The following abstractions store the history of your data:

  • Commits

    In Pachyderm, commits are the core version-control primitive that is similar to Git commits. Commits represent an immutable snapshot of a filesystem and can be accessed with an ID. Commits have a parentage structure, where new commits inherit content from their parents. You can think of this parentage structure as of a linked list or a chain of commits. Commit IDs are useful if you want to have a static pointer to a snapshot of a filesystem. However, because they are static, their use is limited. Instead, you mostly work with branches.

  • Branches

    Branches are pointers to commits that are similar to Git branches. Typically, branches have semantically meaningful names such as master and staging. Branches are mutable, and they move along a growing chain of commits as you commit to the branch, and can even be reassigned to any commit within the repo by using the pachctl create branch command. The commit that a branch points to is referred to as the branches head, and the head's ancestors are referred to as on the branch. Branches can be substituted for commits in Pachyderm's API and behave as if the head of the branch were passed. This allows you to deal with semantically meaningful names for commits that can be updated, rather than static opaque identifiers.

Ancestry Syntax

Pachyderm's commits and branches support a familiar Git syntax for referencing their history. A commit or branch parent can be referenced by adding a ^ to the end of the commit or branch. Similar to how master resolves to the head commit of master, master^ resolves to the parent of the head commit. You can add multiple ^s. For example, master^^ resolves to the parent of the parent of the head commit of master, and so on. Similarly, master^3 has the same meaning as master^^^.

Git supports two characters for ancestor references —^ and ~— with slightly different meanings. Pachyderm supports both characters as well, but their meaning is identical.

Also, Pachyderm supports a type of ancestor reference that Git does not— forward references, these use a different special character . and resolve to commits on the beginning of commit chains. For example, master.1 is the first (oldest) commit on the master branch, master.2 is the second commit, and so on.

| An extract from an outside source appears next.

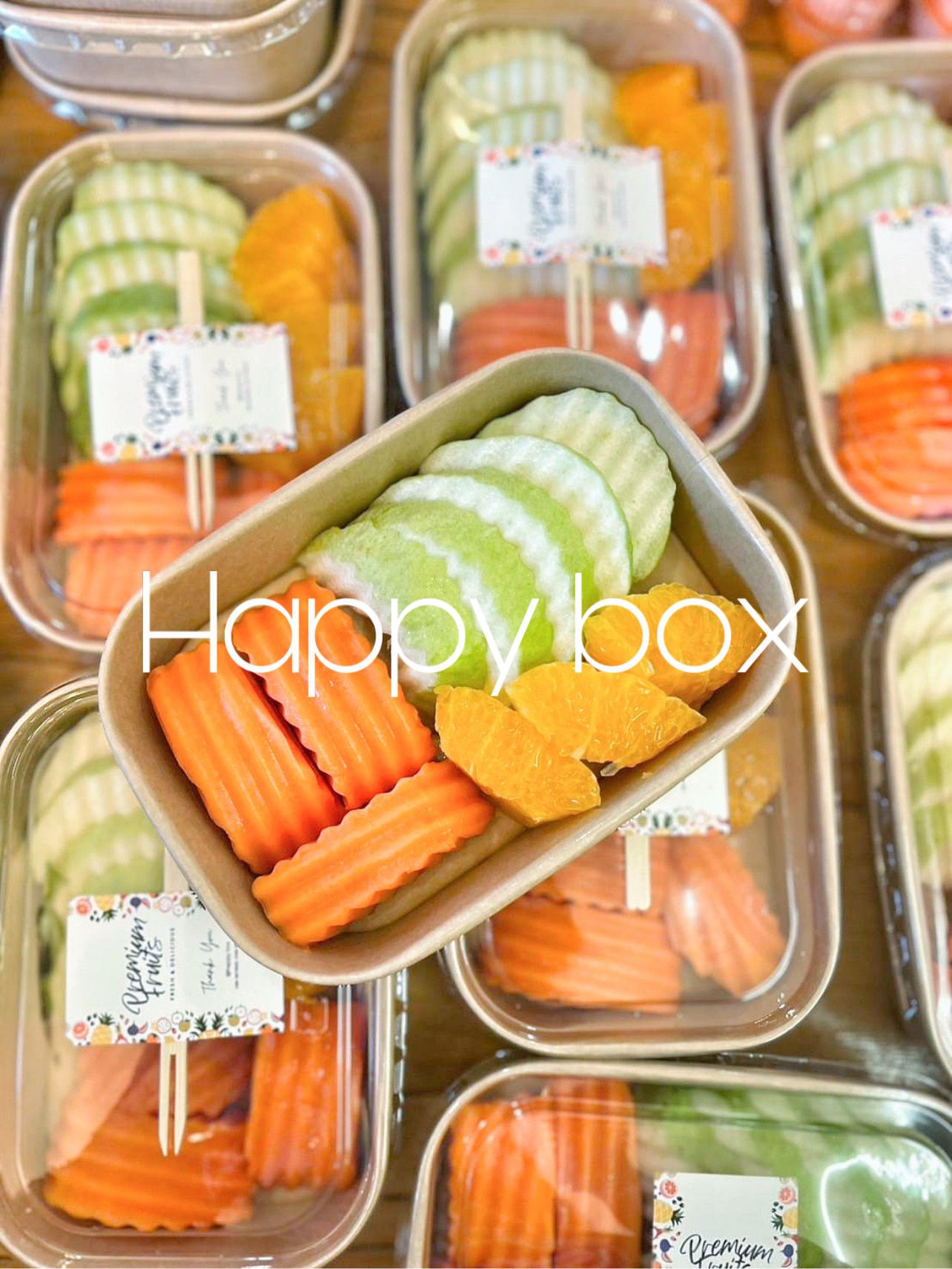 ผลไม้ตามฤดูกาลกล่องรักษ์โลก + ขนมไทย 2 ชิ้น - 65 บาท

Resolving ancestry syntax requires traversing chains of commits high numbers passed to ^ and low numbers passed to .. These operations require traversing a large number of commits which might take a long time. If you plan to repeatedly access an ancestor, you might want to resolve that ancestor to a static commit ID with pachctl inspect commit and use that ID for future accesses.

View the Filesystem Object History

Pachyderm enables you to view the history of filesystem objects by using the --history flag with the pachctl list file command. This flag takes a single argument, an integer, which indicates how many historical versions you want to display. For example, you can get the two most recent versions of a file with the following command:

$ pachctl list file repo@master:/file --history 2
COMMIT                           NAME  TYPE COMMITTED      SIZE
73ba56144be94f5bad1ce64e6b96eade /file file 16 seconds ago 8B
c5026f053a7f482fbd719dadecec8f89 /file file 21 seconds ago 4B

This command might return a different result from if you run pachctl list file repo@master:/file followed by pachctl list file repo@master^:/file. The history flag looks for changes to the file, and the file might not be changed with every commit. Similar to the ancestry syntax above, because the history flag requires traversing through a linked list of commits, this operation can be expensive. You can get back the full history of a file by passing all to the history flag.

Example:

$ pachctl list file edges@master:liberty.png --history all
COMMIT                           NAME         TYPE COMMITTED    SIZE
ff479f3a639344daa9474e729619d258 /liberty.png file 23 hours ago 22.22KiB

View the Pipeline History

Pipelines are the main processing primitive in Pachyderm. However, they expose version-control and history semantics similar to filesystem objects. This is largely because, under the hood, they are implemented in terms of filesystem objects. You can access previous versions of a pipeline by using the same ancestry syntax that works for commits and branches. For example, pachctl inspect pipeline foo^ gives you the previous version of the pipeline foo. The pachctl inspect pipeline foo.1 command returns the first ever version of that same pipeline. You can use this syntax in all operations and scripts that accept pipeline names.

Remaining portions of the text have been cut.